Even if I went to the hospital or the outpatients after advice from calling the non-emergency line (because I didn’t want to waste anyone’s time), they would spend two seconds listening to my problem before saying “it’s just anxiety.”
I have multiple undiagnosed pains and issues that have been ignored after mental health was mentioned. Yet, I didn’t even get a confirmation that was anything other than “it’s probably in your head.” One condition took me a year to heal, and many doctors and appointments later it kept being put down to stress; it turns out, it wasn’t. A lovely doctor took me seriously and after a course of medication, I was fine. I went through such a long time of unnecessary pain because they couldn’t see past my history of anxiety.
If you’ve ever been treated by a new doctor who says they will run this and that to make sure you are OK, for them to then find out your mental health history and decide it’s all in your head, you may know how degrading it can feel.
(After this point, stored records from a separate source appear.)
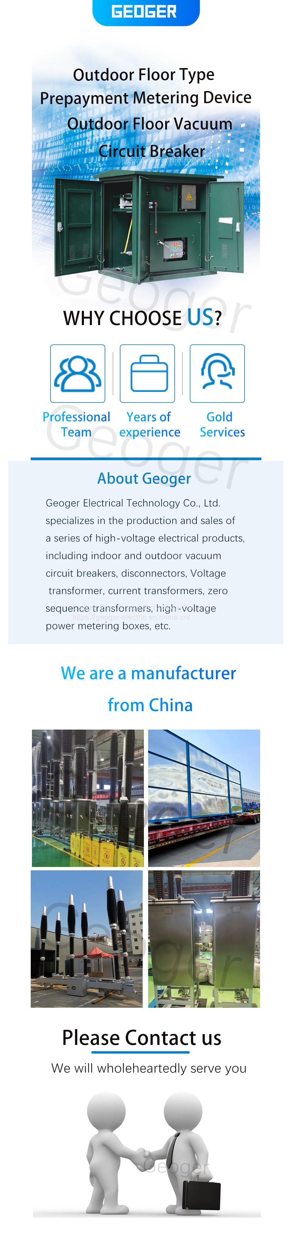 The prepaid metering device is a product that changes the high-pressure metering, switch, and control box on the column to a cabinet structure. It is composed of an integral cast dry high-pressure metering box and a ZW32F intelligent switch combination, and the box is made of stainless steel or iron plate spray plastic material
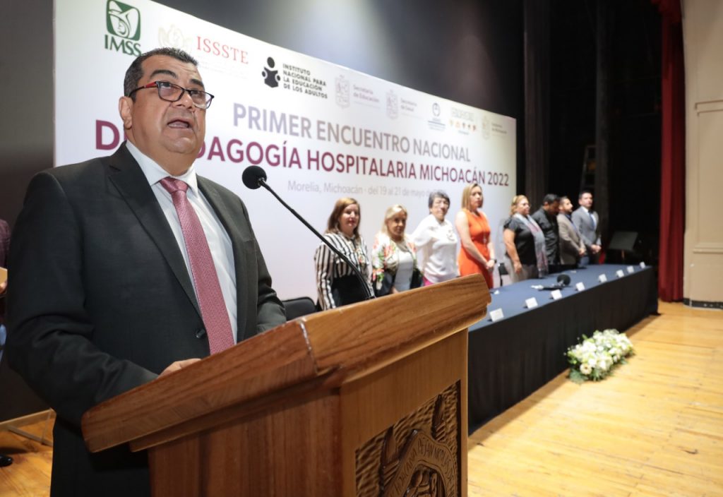 Se trata de 150 menores con cáncer, problemas cardiacos y nefrológicos, los que reciben atención escolarizada en el interior del Hospital Infantil, además de tratamiento médico con especialistas, con lo que se garantiza que el niño egrese curado y sin rezago escolar, señaló el secretario de Salud de Michoacán, Elías Ibarra Torres, durante la inauguración del Primer Encuentro Nacional de Pedagogía Hospitalaria en Michoacán.
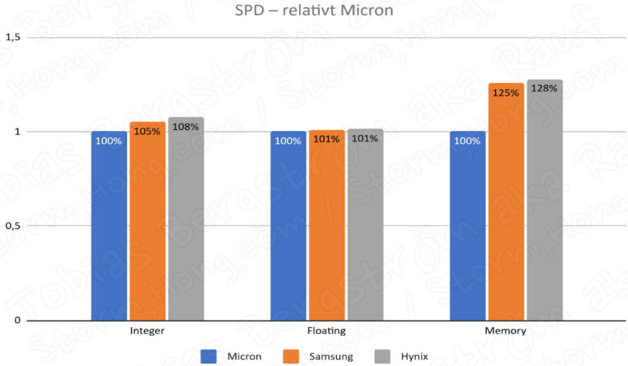 Tobias Bergström aka Rauf 는 메모리 성능을 결정하는 테스트 Geekbench 3 벤치마크를 사용했다고 알려졌으며 DDR4에 비해 메모리 점수가 상승했지만 게임과 같은 애플리케이션에서 가장 많은 형향을 미치는 성능이라고 이야기를 했습니다. 또한 삼성 (Samsung) 과 하이닉스 (Hynix) 제품은 마이크론 제품에 비해 최대 28% 의 메모리 성능을 보여주지만 성능 상승폭은 5 ~ 8%에 불과하다고 알렸습니다.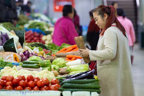 4月11日,南京市民在一家農(nóng)貿(mào)市場(chǎng)購(gòu)買蔬菜。新華社發(fā)(蘇陽(yáng)攝)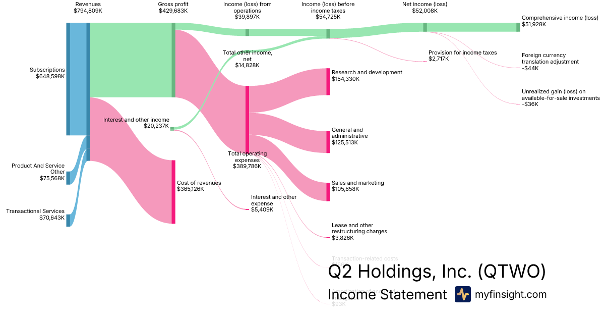 For the year ending 2025-12-31, QTWO made $794,809K in revenue. $51,928K in net income. Net profit margin of 6.53%.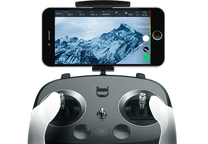 Lors du contrôle d'un quadricoptère, il est très pratique d'utiliser un smartphone. Vous devez y installer l'application XIRO XPLORE et vous pouvez voir directement la zone environnante à travers les yeux du drone. La diffusion se fait en Wi-Fi en qualité HD 720. Il y a ici une petite nuance. Malheureusement, le support de téléphone est conçu pour un petit appareil. Si le smartphone a une diagonale d'écran supérieure à 5,5 pouces, il se peut qu'il ne rentre tout simplement pas dans le support.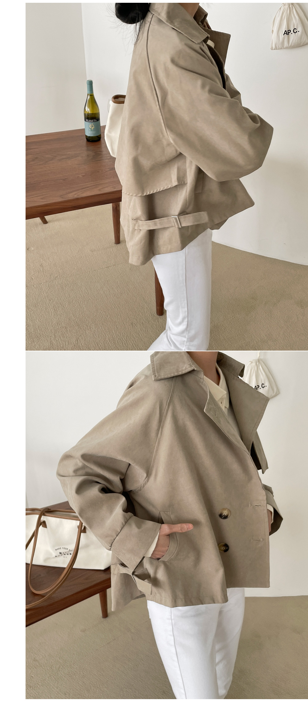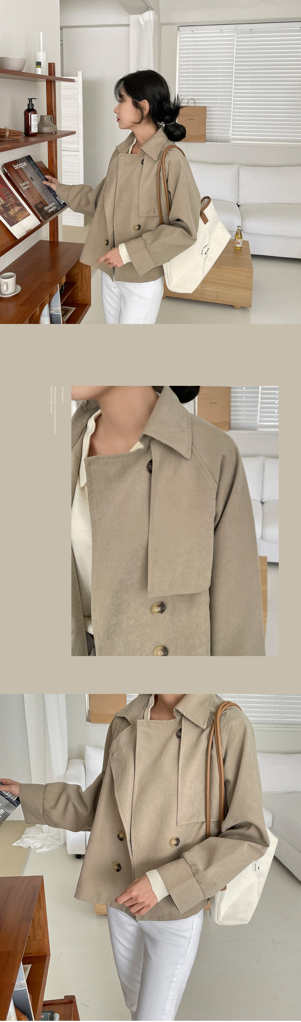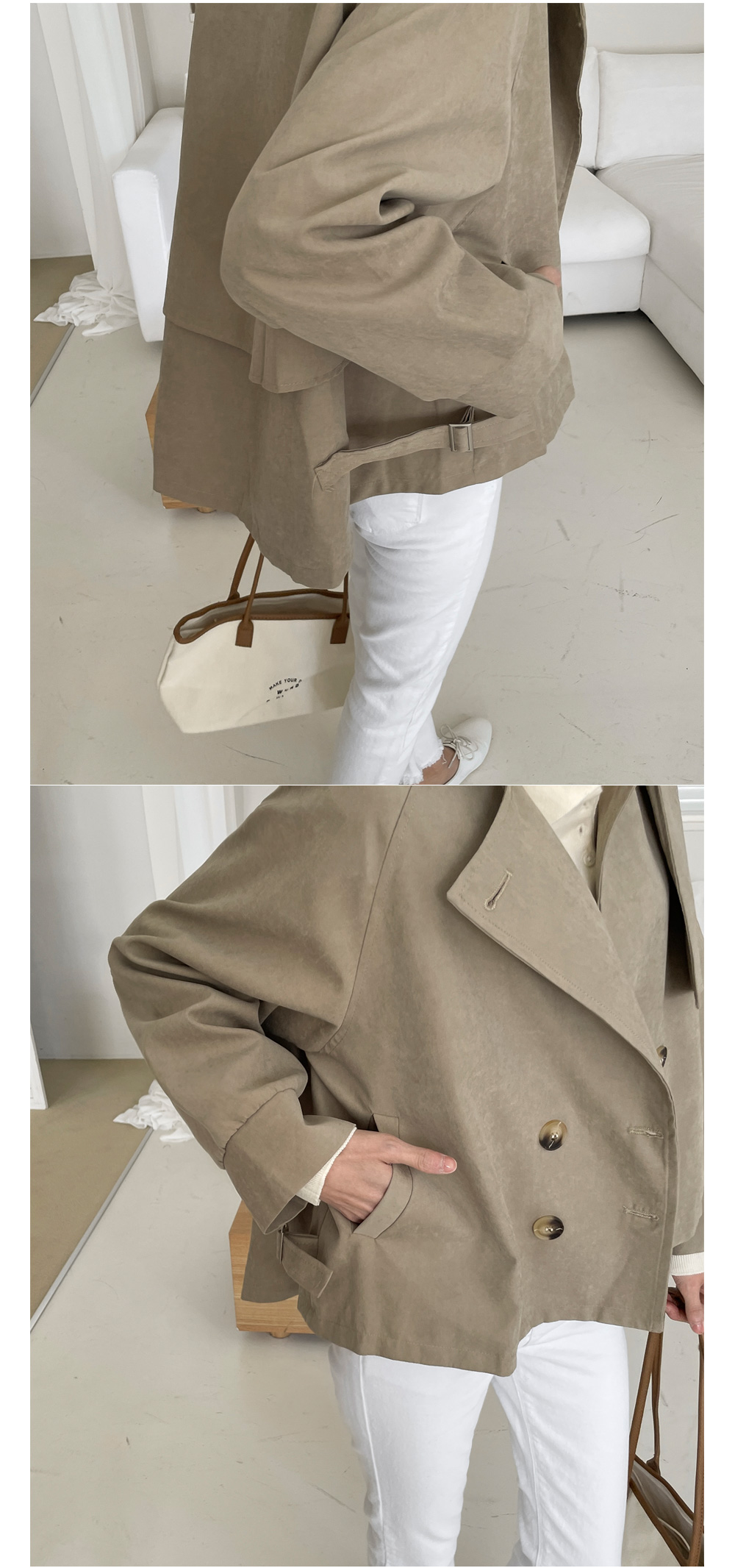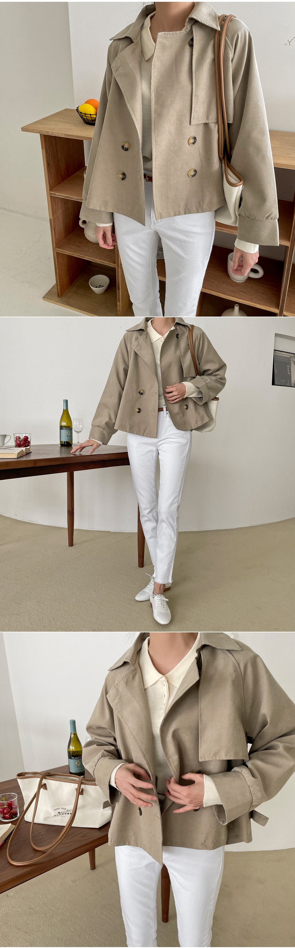 피치 트렌치 숏자켓-3color, 하프숏 트렌치코트-걸치기만 해도 멋스러움 가득! - 스타일티바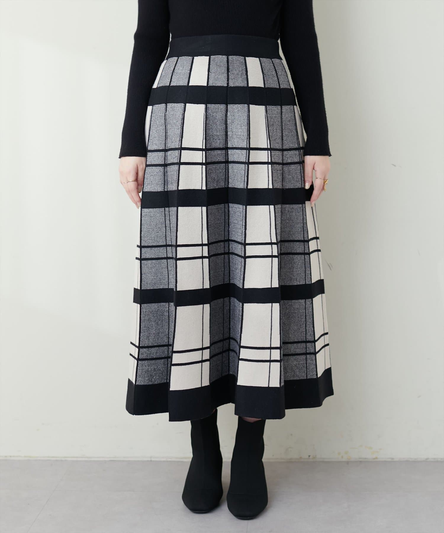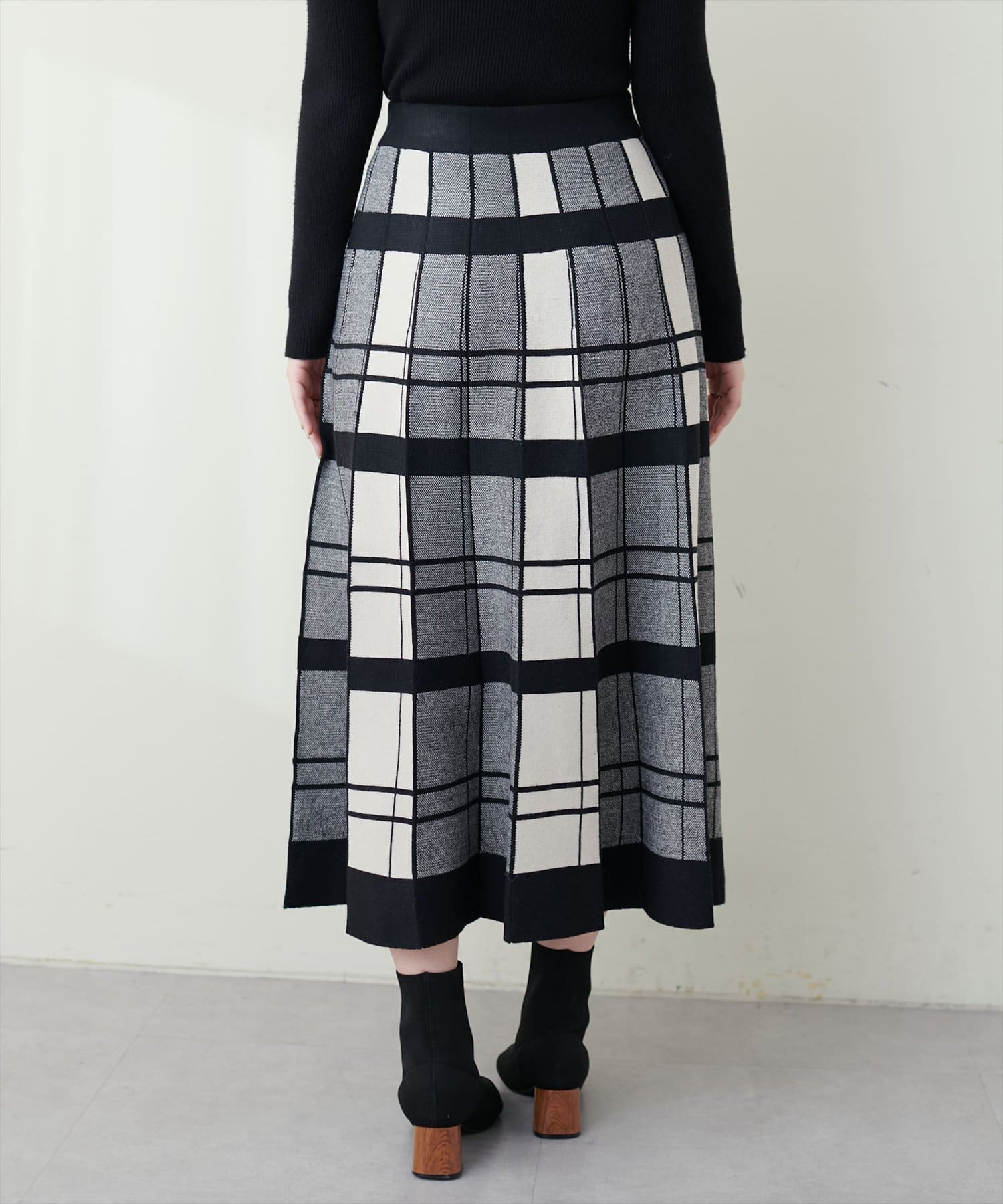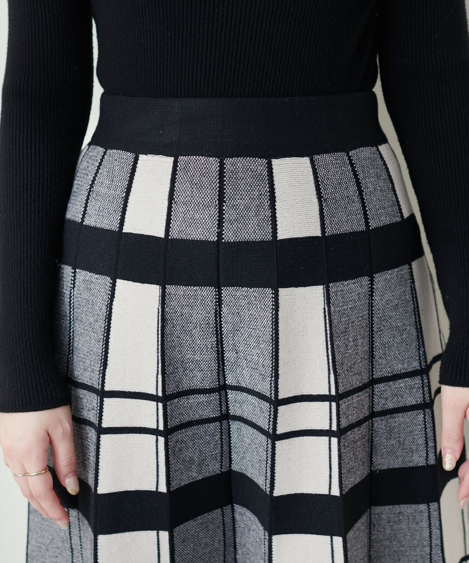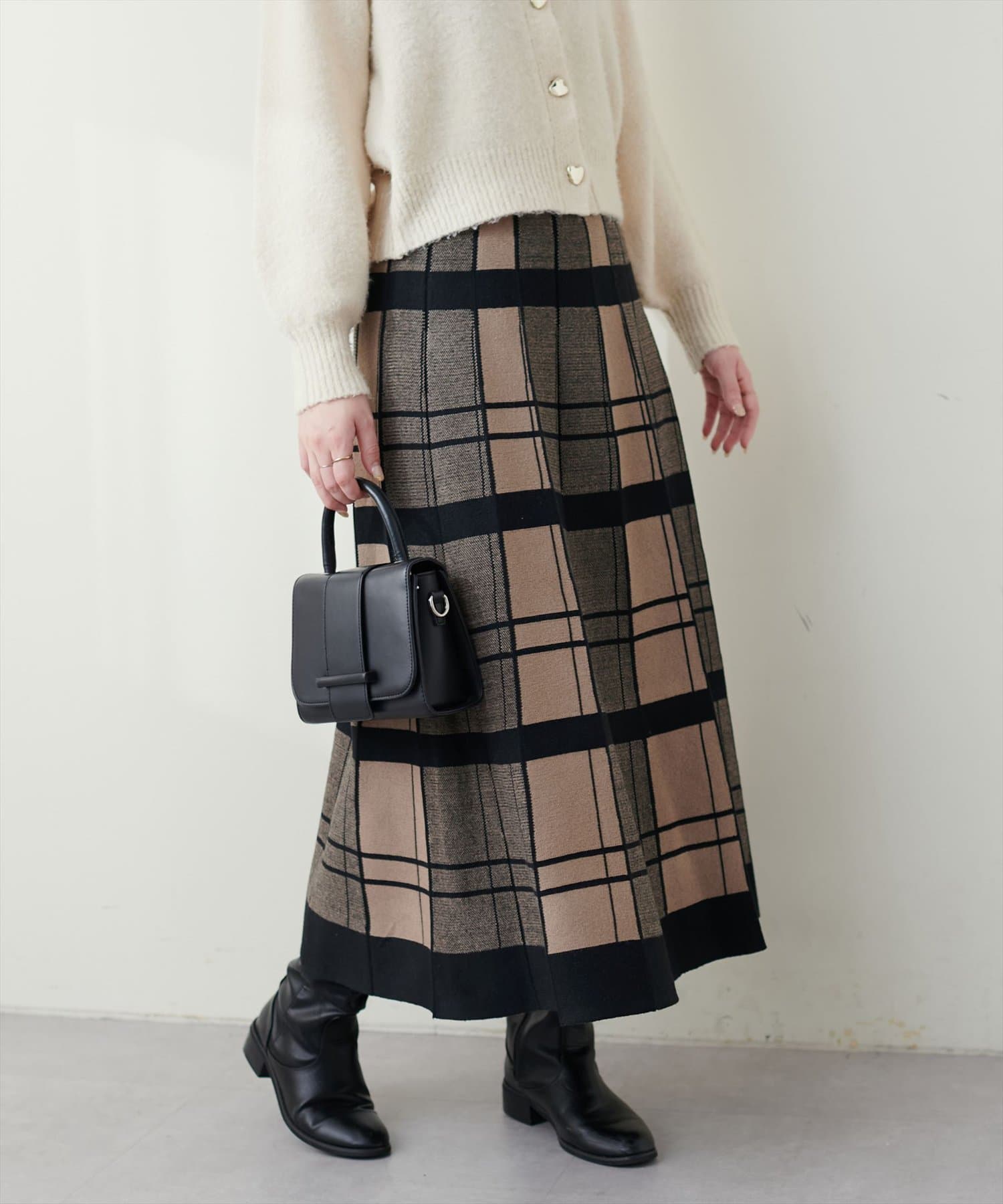 クラシカルな雰囲気のチェックニットプリーツスカート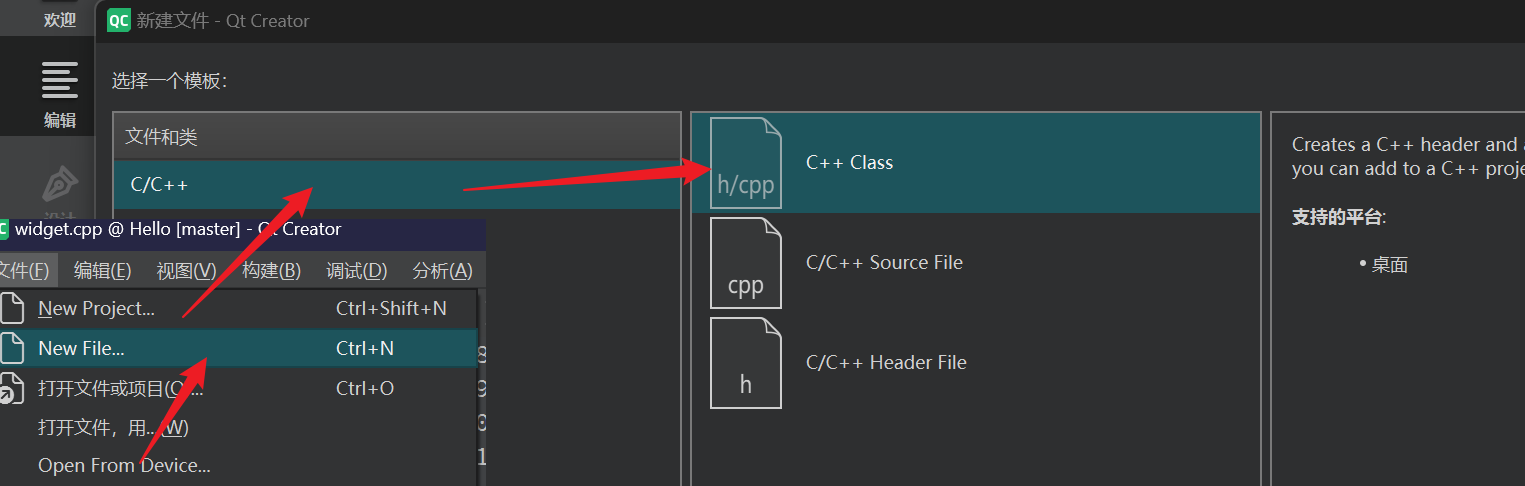 在一个QTCreator项目中可以在左上角添加新的控件类c++ class;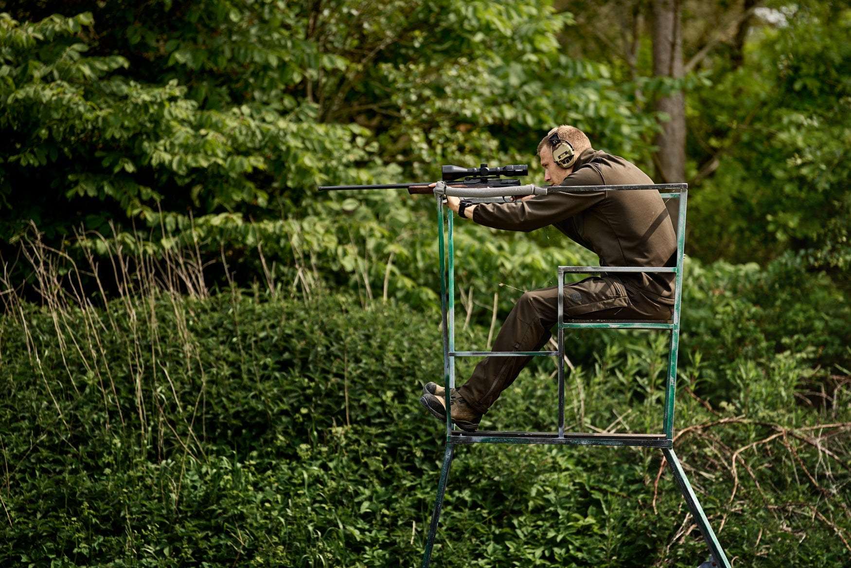 Den nutida silhuetten och det följsamma stretchmaterialet ger god rörlighet vid klättring, smygjakt och längre förflyttningar. Den elastiska midjan med jeansknapp ger en trygg och anpassningsbar passform.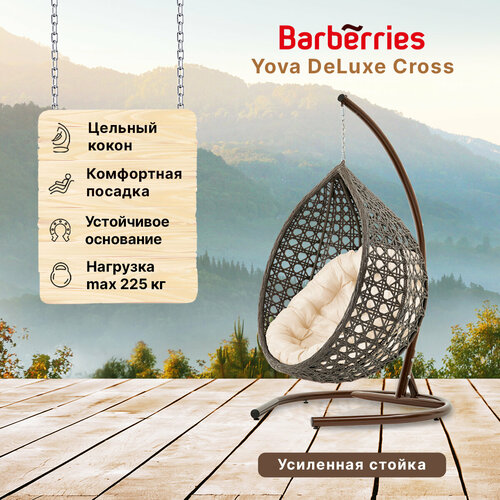 Подвесное кресло кокон садовое Barberries Yova DeLuxe Cross. Стойка венге до 225 кг, подушка круглая бежевая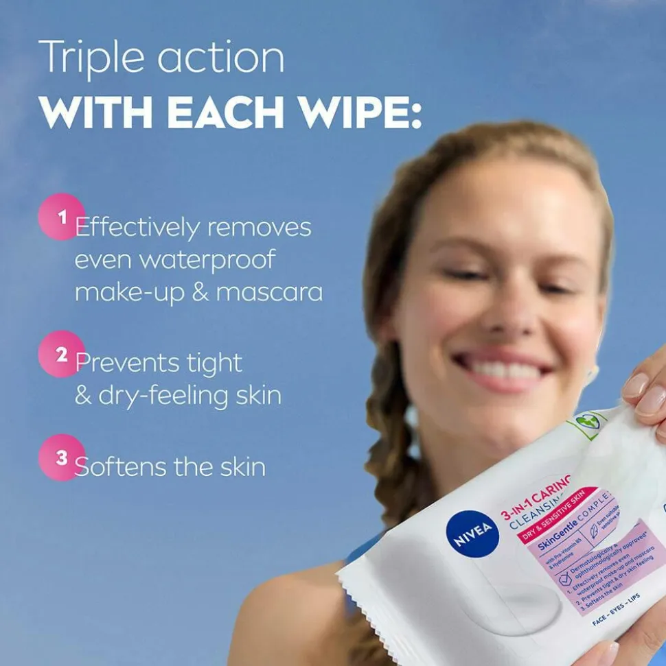 NIVEA Gentle Cleansing Wipes er udviklet til tør hud. Disse bløde, plantebaserede renseservietter er biologisk nedbrydelige og plejer tør hud. Den milde formel med 0% alkohol og ædel mandelolie vil ikke kun rense dit ansigt grundigt og fjerne vandfast makeup og mascara, men også fugte din hud. Dermatologisk testet. Velegnet til alle hudtyper, også tør hud.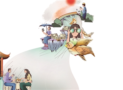 沈秋走走停停,循着鸟鸣举起望远镜。远处芦苇尖上,一只东方大苇莺正栖息着——“这是它的习性”;转身又见家燕,“就是‘小燕子 穿花衣’歌词里的小燕子”;北苕溪水岸边,一只牛背鹭静立,“白色的鹭有好几种,它也是其中之一,总跟着牛群讨饭吃,牛蹄翻起的虫儿就是现成的点心”。“北湖的鸟爱躲,芦苇是隐身斗篷、草丛是屏风,但观鸟人会分享踪迹,把数据传上公开平台,引着‘长枪大炮’来打卡。”她说。

It’s like doctors no longer see me as a patient; they only see me as my mental illness, or from the viewpoint of the last doctor.
I understand that poor mental health can cause many issues — our brains are so powerful and can manifest physical symptoms that are very real — but it hurts for a doctor to decide your fate based on one possibility.
It’s almost as if you are immune to everything else if you have poor mental health.
While I can understand they may be trying to avoid unnecessary tests and save both our time, the effect it’s had on me has only pushed me away from trusting healthcare professionals. Because now, I cannot tell if I need help or if I’m just having a relapse and I am now worried that, one day, it may cost me my life.
I’ve proposed appointments for months, until I am in unbearable discomfort, just because I am worried I will be wasting their time, or be made to feel that way again.
I can’t shake the feeling that when I get ill, I’ll just be told to try a different mental health medication or like I have been told before, be shunned with a shrug and “What do you want me to do about it?”
I just wish a doctor would treat me like they would every other patient before playing the mental health card and assuming I’ve made it all up. Believe me, I wouldn’t be at the doctor unless I really had to be.
Luckily, I have had the blessing of meeting healthcare professionals who treat me like I am human and who made me feel like I deserve help, but they have been few and far between, in my case.
Seeking help shouldn’t be like a lottery.
If you have gone through the procedures you would with a typical patient, and it still comes up with no cause other than possibly mental health related, then I’ll be happy. Just give me a chance to be taken seriously.
After all, a medical record can only give you half a story and my mental illness does not prevent me from becoming ill from something “physical.”
Please, doctors, just take the time to listen and understand your patient; don’t stamp them with the brand of “mental illness” before you know their story from your own point of view. Even if it is our anxiety flaring, being treated with dignity and respect can help us in so many ways, and we’ll know we can seek help in the future rather than avoid it.